Heimatverein Wellerswalde e.V.
 

Die schlesischen Umsiedler

Keiner der Schlesier hatte jemals daran gedacht, dass er einmal seine Heimat verlassen, ja sogar verlieren wird, bis der Krieswinter 1945 kam. Am Morgen des 13. Februar 1945, als das Schießen immer lauter wurde und die Geschosse über das Dorf pfiffen, zogen die ersten Kottwitzer los in Richtung Westen. Die wichtigsten Habseeligkeiten wurden zusammen mit Essen und Trinken sowie Futter für das Vieh auf Wagen geladen. Für mehr war keine Zeit und kein Platz. Einige vergruben Wertgegenstände, Papiere und Konserven in der Erde oder in der Scheune, weil sie mit einer Wiederkehr rechneten.

Der Flüchtlingstreck, bestehend aus Kindern, Frauen und alten Männern, bewegte sich über Naumburg nach Bobersberg, wo der Bober überquert wurde. Die Straßen waren voller Flüchtlinge zu Fuß und mit Gespannfahrzeugen.

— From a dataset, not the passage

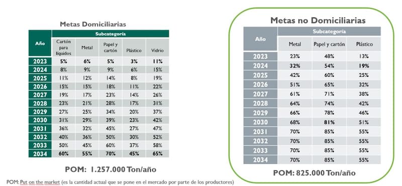 La implementación de este sistema será de forma gradual. Durante el primer año, se contempla a un 10% de las comunas del país, hasta llegar a un 80% de cobertura en 2035. Las metas de recolección y valorización de cada tipo de residuo también irá en aumento progresivo, pasando del 5% en el primer año, al 70% al doceavo, por ejemplo.

Für die Nächte mussten Quartiere in den am Wege liegenden Orten gesucht werden. Viele deutsche Soldaten waren dort untergebracht, so dass die Meissten in Ställen und Scheunen unterkommen mussten. Extra eingerichtete Treckleitstellen sollten die Flucht koordinieren. Anfang März wurde die Elbe bei Lorenzkirch erreicht. Über eine Behelfsbrücke, über die immer nur ein Gespann durfte, wurde der breite Fluß überquert. Von Strehla ging es über Bornitz nach Lonnewitz zur nächsten Treckleitstelle. Von dort aus wurden die Kottwitzer nach Wellerswalde geschickt.

Angekommen:

Müde, hungrig, krank und um einiges ihrer persönlichen Habe unterwegs bestohlen, kamen sie in Wellerswalde an. Der Bürgermeister wies ihnen Quartier und Unterstand für das Vieh zu. Sie wohnten beengt, hatten nichts zum Heizen und mussten um etwas zu essen bitten. Allein im Wellerswalder Schloss waren 26 Familien untergebracht. Viele zogen später weiter, aber es blieben auch viele die in Wellerswalder Familien einheirateten und nach der Bodenreform sich ein neues Häuschen bauten und wieder ganz von vorn anfingen. Viele die das gleiche Schicksal teilten, hielten miteinander Verbindung. Durch den Fall der Mauer 1989 war es möglich sich endlich wieder zu besuchen. Zu Pfingsten 1994 trafen sich 17 Kottwitzer im Wirtshaus zur Einkehr. Bereits ein Jahr später, am 4.Juni 1995 gab es ein großes Wiedersehen der Kottwitzer in Wellerswalde auf dem Saal des Gasthofes.(Zeitzeugen wie Bilder, Landkarten und Chroniken der Kottwitzer, liegen in der Wellerswalder Heimatstube aus.) Nur wenige Kinder und Enkel der Betroffenen schlesischen Familien haben die Häuser und Höfe ihrer Vorfahren je kennengelernt! Das Dorf Kottwitz liegt im Kreis Freystadt, Bez. Liegnitz in Niederschlesien und gehört heute zu Polen.